Musings of an Educational Entrepreneur


By Benjamin Franklin

This column gives education leaders the opportunity to discuss higher education issues. For more information contact Jenny Faubert at 920-264-0199 or jfaubert@careereducationreview.net.

Ben Franklin here!

One of the problems we had in the colonies was the monopolization of trade by the Crown. Through the use of taxes, tariffs, and regulation, King George and his cronies sought to control commerce and prevent our colonists from making a living. The Bostonians revolted and decided to dress up as natives and demonstrated civil disobedience, with the now famous, tossing of tea into the Boston Harbor.

In today’s American higher education community, there is a similar monopoly over higher education.

Large government owned institutions unfairly compete with private enterprise or private community based educational institutions.

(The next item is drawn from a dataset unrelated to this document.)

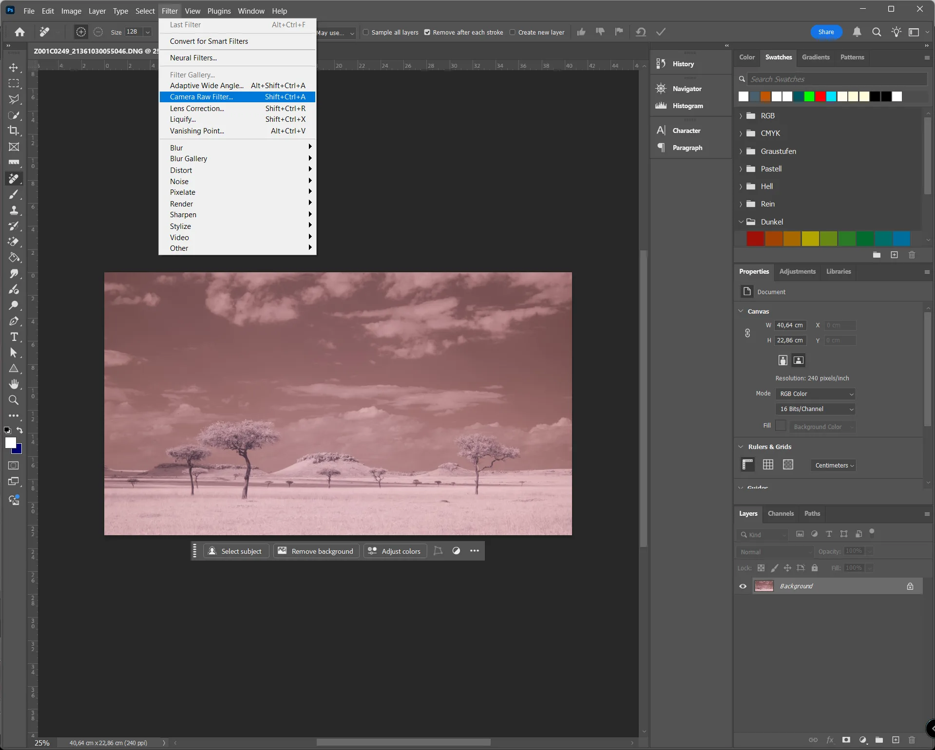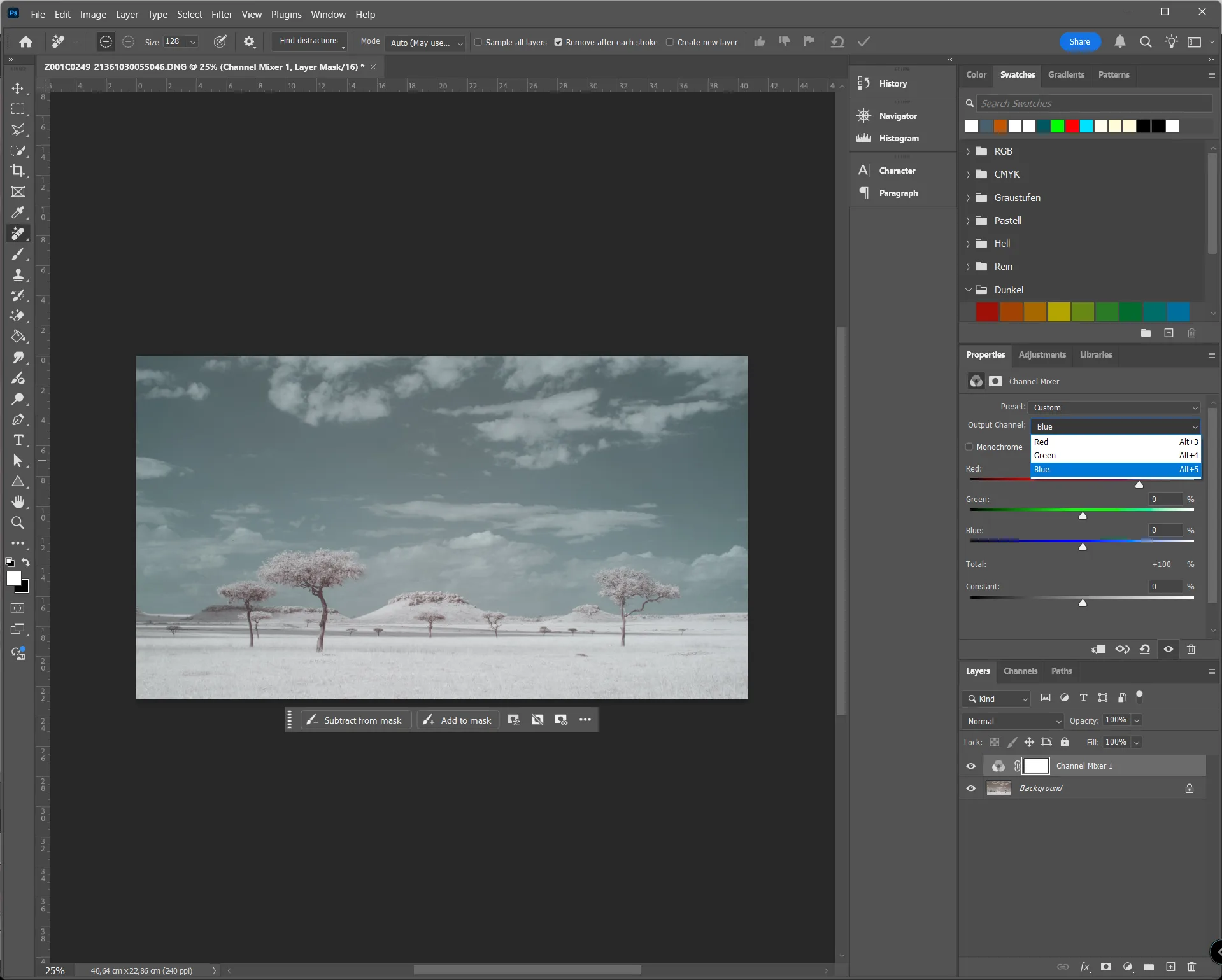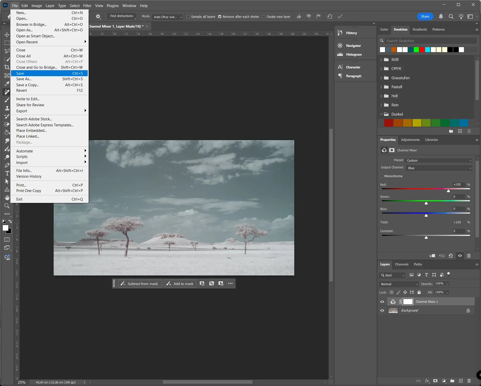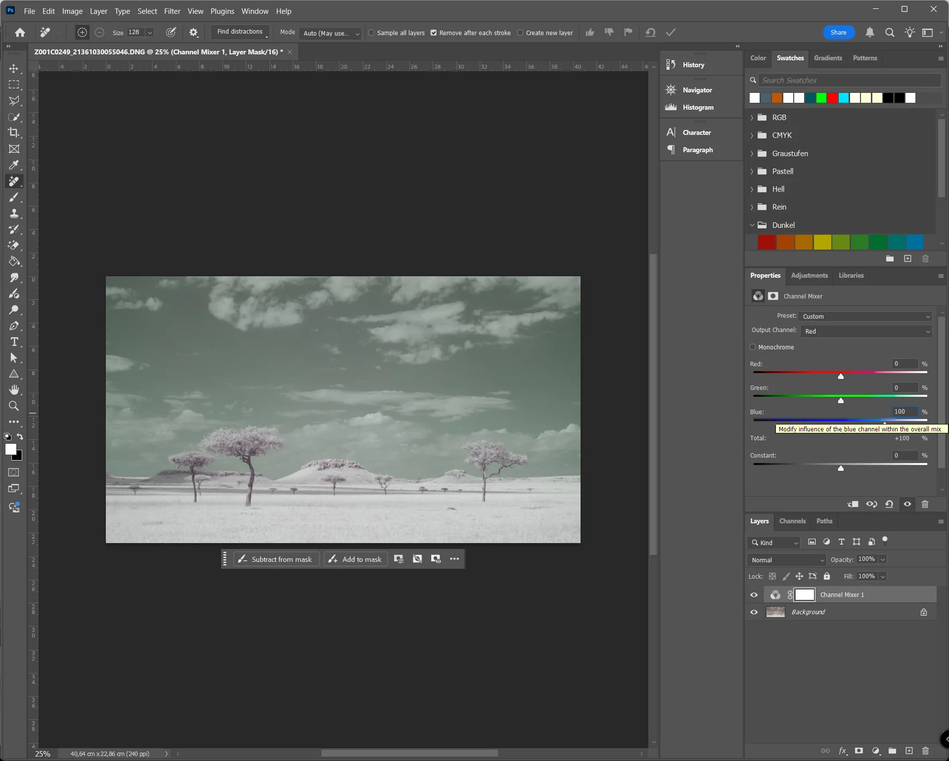 In post-processing, you have some creative freedom. A standard infrared wildlife photography image (720 nm) will show a brown/orange sky, white foliage, and deep contrasts—a striking look. But if you want a blue sky, you can perform a color swap in Photoshop, switching the red and blue channels.

The universities have become powerful political forces that are immune to criticism, efficiency, and effectiveness.

The government has decided that these institutions are above criticism or even certain laws. For example, the University of North Carolina carried on a degree mill, which conferred credit to students who never went to class. This lasted almost 16 years. Did they lose their accreditation? Did they lose their Title IV funding? Did they pay back the millions of dollars illegally distributed? The University of Central Florida spent $99 million on construction projects unauthorized by the state. Did they lose the recognition by the department of education for administrative incapability? There are many examples of public institutions failing to meet standards or regulations, with little or no action taken against them. They are not only too big to fail, but they also are not allowed to fail.

A monopoly is defined as: “The exclusive possession or control of the supply of, or trade in a commodity or service.” The state universities and the community colleges clearly meet this definition and provide an unfair advantage over the private and for-profit educational community. Even though I started a career school in 1741, when there were no public educational offerings, I see today a system of unfair competition and unfettered abuse by the government, which makes basic operations for private institutions difficult, if not impossible to achieve. When higher education was only for the privileged and few professions required a college degree, private education flourished as the wealthy were able to choose schools that met their specific needs.

Today, our complex society requires significant post-secondary education, and the state universities, with their huge subsidies and under market tuition, are forcing many century old institutions to close their doors.

Even worse, these union dominated, money-hungry public institutions have created a hostile environment supported by their publicly elected owners to force for-profit and family owned (like mine) schools (businesses) to close, and often precipitously, by rabid regulators (like King George’s redcoats). While I admit there were some Charlatans who should have been placed in pillory stocks in front of city hall, the actions of the states and the federal government demonstrated the anti-competitive feelings and protection in their dominance.

Private education is an important and critical resource in our country. Instead of competing with it, our government should be protecting it.